Care and precision often get swept aside in the interests of propaganda

Did the French journalist deliberately misinterpret the message? Perhaps not, but it goes to show that care and precision often get swept aside in the interests of propaganda favouring a particular cause. Precision is essential. Without it mathematicians can produce false results. Every researcher has found “proofs” of plausible claims that are simply wrong. The fault often lies in some hidden assumption, sometimes occluded by the word “clearly”. The ancient Greek mathematicians were very good at making all assumptions explicit. In his Elements, Euclid defined the terms he was using, stated his theorems carefully, and delineated his proofs in a way that left no gaps and ensured that all steps were precisely explained. Precision is of the essence. Its absence can easily lead to confusion.
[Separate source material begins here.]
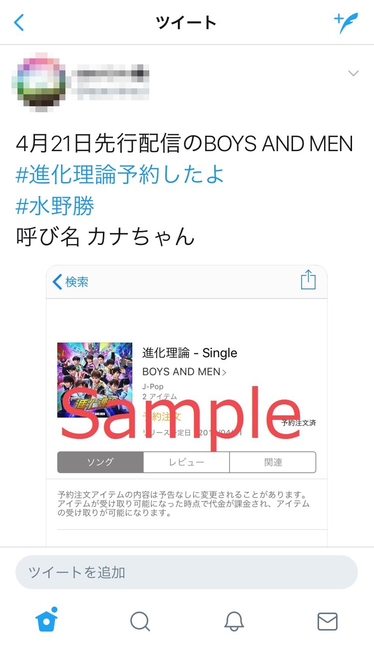 投稿例)4月21日先行配信のBOYS AND MEN #進化理論予約したよ #水野勝 呼び名(●●ちゃんor ●●君) 画像添付

When Fischer and others were discovering exceptions to the grand scheme embracing all the known building blocks for symmetry, they needed to be very precise indeed. A great example was the first exception discovered in the twentieth century. John Thompson at the University of Chicago, the doyen of those keen to classify the fundamental building blocks of symmetry had written a paper in the mid-1960s showing that if one of these had a certain type of “cross-section” then it must belong to the known families. He sent his paper around as a preprint to other specialists. One was a relatively unknown man from Yugoslavia, now working in Australia. He read it and wrote Thompson a letter saying he was having a bit of trouble with the smallest case in the new paper. Thompson replied the same day with a brief explanation, but the next morning suddenly realised … whoops there really was a gap in the proof for the smallest case. The man in Australia, Zvonimir Janko knew more than he was letting on, because he had already uncovered evidence for an exception to the grand scheme. He published details a couple of years later, and it set the scene for more, found by Janko, Fischer and others.
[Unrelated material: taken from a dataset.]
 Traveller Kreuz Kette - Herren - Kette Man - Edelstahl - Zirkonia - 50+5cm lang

As for the Monster, one of the experts who studied it was John Conway at Cambridge, later Princeton. When he visited Chicago, my wife at the time had the temerity to argue with him that it should be possible to understand it without the technical details. At some higher level of understanding it would all become much clearer. He disagreed. Without the technical details it was impossible to understand it. Looking back, I think both were right. The ultimate aim is to see things from a higher level, but what you can’t do is to skip the serious learning. Doing that with students who have never been through the process is to do them a serious disservice, but there are members of the educational establishment today who disagree. Like those revolutionaries from 1968 they are willing to overturn established methods with nothing to put in their place. Once again, we need people like Fischer to tackle their naivety, and allow people of all ethnic groups to progress in the modern world, rather than deflecting them from serious learning.

When I first taught in America as a graduate student, I was asked to teach a course on elementary algebra. One student paid me for private lessons, and I tried very hard to explain what an equation was, and what you do to one side you must do to the other. She had opted out of all mathematics at high school in California, and now more than ten years later couldn’t grasp the concept. It was too late.